Z kolei w przypadku nadmiernego rozciągnięcia ścian stosuje się specjalne nici, które są znacznie mniej inwazyjne niż klasyczna plastyka pochwy.
– Jesteśmy w stanie pomóc także kobietom, u których występuje asymetria, czyli gdy wargi sromowe mniejsze wychodzą poza większe. Niektóre kobiety mają taką budowę anatomiczną, u innych wygląd krocza pogorszył się np. po przebytych operacjach – tłumaczy dr Żukowska.
Dodaje też, że asymetria warg sromowych może znacznie utrudniać kobietom normalne funkcjonowanie. Nie chodzi tu tylko o kompleksy wynikające z niezadowolenia z wyglądu. Przerośnięte wargi sromowe mogą powodować ból nie tylko podczas stosunku, czy uprawiania sportu, ale wręcz w czasie chodzenia. Bywa też, że kobieta częściej zmaga się z infekcjami okolic intymnych. Także w tej sytuacji pomocne jest ostrzykiwanie warg sromowych większych preparatem z kwasem hialuronowym bądź wypełnianie ich własną tkanką tłuszczową pacjentki. Wykonuje się również labioplastykę, czyli plastykę warg sromowych mniejszych.
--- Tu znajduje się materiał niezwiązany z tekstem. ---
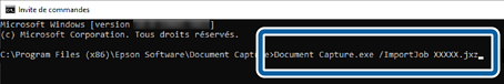 6Saisissez Document Capture.exe /ImportJob XXXXX.jxz (nom du fichier de travail), puis appuyez sur la clé Entrée pour l’exécuter.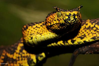 হলুদ এবং কালো ডোরা, নীল চোখ এবং দুটি সুঁচালো শিংযুক্ত নতুন প্রজাতির সাপের খোঁজ পেয়েছেন ব্রিটিশ বিজ্ঞানী টিম ডেভেনপোর্ট। নতুন প্রজাতির এ সাপের নাম রেখেছেন তার মেয়ের নামে ‘মাতিল্ডা হর্নড ভাইপার’।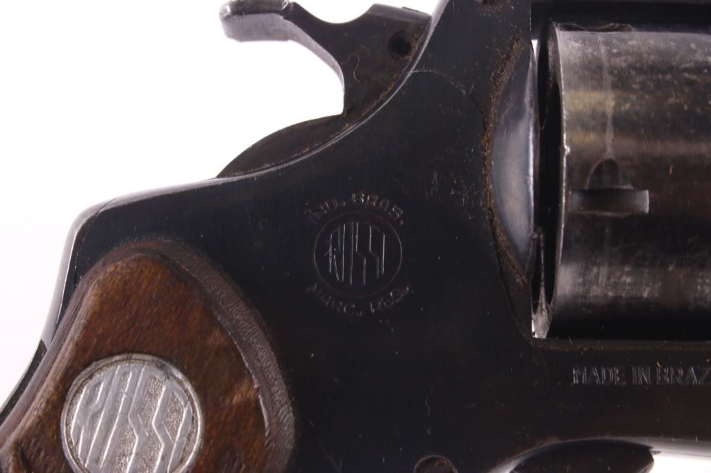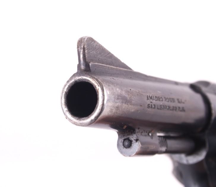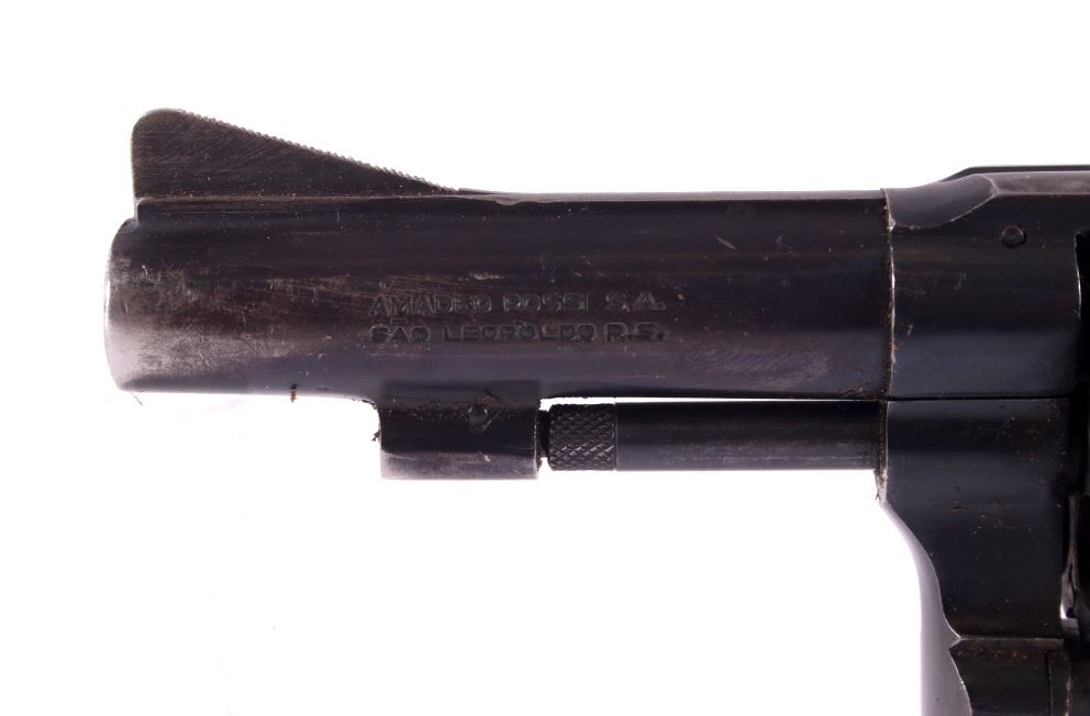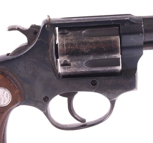For your consideration is a Rossi .38 Special revolver. This Brazilian made revolver was a standard police officer carry for years. This five shot revolver has a blue'd cylinder frame and 3" barrel. The barrel is marked on the left "Amadeo Rossi S.A. - Sao Leoplodo R.S." and ".38 Special" on the right. The frame is marked made in Brazil and has the Rossi logo as well. The revolver utilizes a fixed blade front sight and buckhorn rear sight. The hardwood grips are in good condition and contain a medallion with the Rossi logo. The firearm is operational and the double action operates as intended. Serial Number: D286813. This firearm qualifies as a Curio & Relic Long Gun, and requires FFL Transfer or NICS Background Check.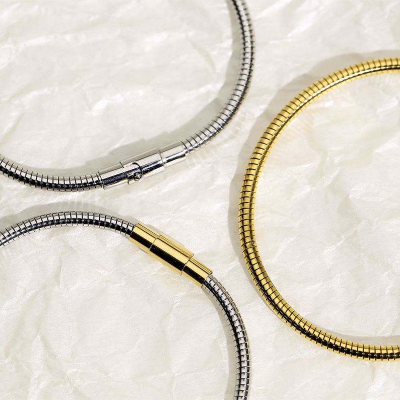 โซ่งูกลมสร้อยข้อมือสแตนเลสยืดหยุ่นขนาดเล็กสำหรับผู้หญิงหัวเข็มขัดแบบกดประดับไทเทเนียมเครื่องประดับมือขายส่ง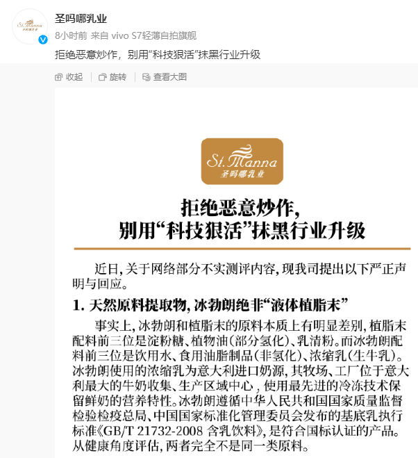 圣吗哪回应,根据国际检测机构SGS的数据,就原料本质与健康影响而言,冰勃朗与植脂末是两种完全不同的食品原料,评测视频以偏概全,采用错误的实验数据,而非实际使用场景来对饮品的工艺定性。尽管该测评博主已经删除了视频,但视频的传播已经事实上对企业商誉造成了伤害,也误导了消费者。

Ginekologia estetyczna wychodzi naprzeciw także oczekiwaniem kobiet, które po prostu nie są zadowolone z wyglądu swoich okolic intymnych, uważają, że w jakiś sposób odbiega on od normy. Wśród dostępnych zabiegów jest na przykład lipoliza laserowa. Korzystają z niej np. kobiety, u których wzgórek łonowy nie wygląda atrakcyjnie z powodu nadmiernej tuszy. – Można go „rozbić” laserem – wyjaśnia specjalistka.
Dostępna jest także rewitalizacja i odmładzanie krocza czy wybielanie warg sromowych.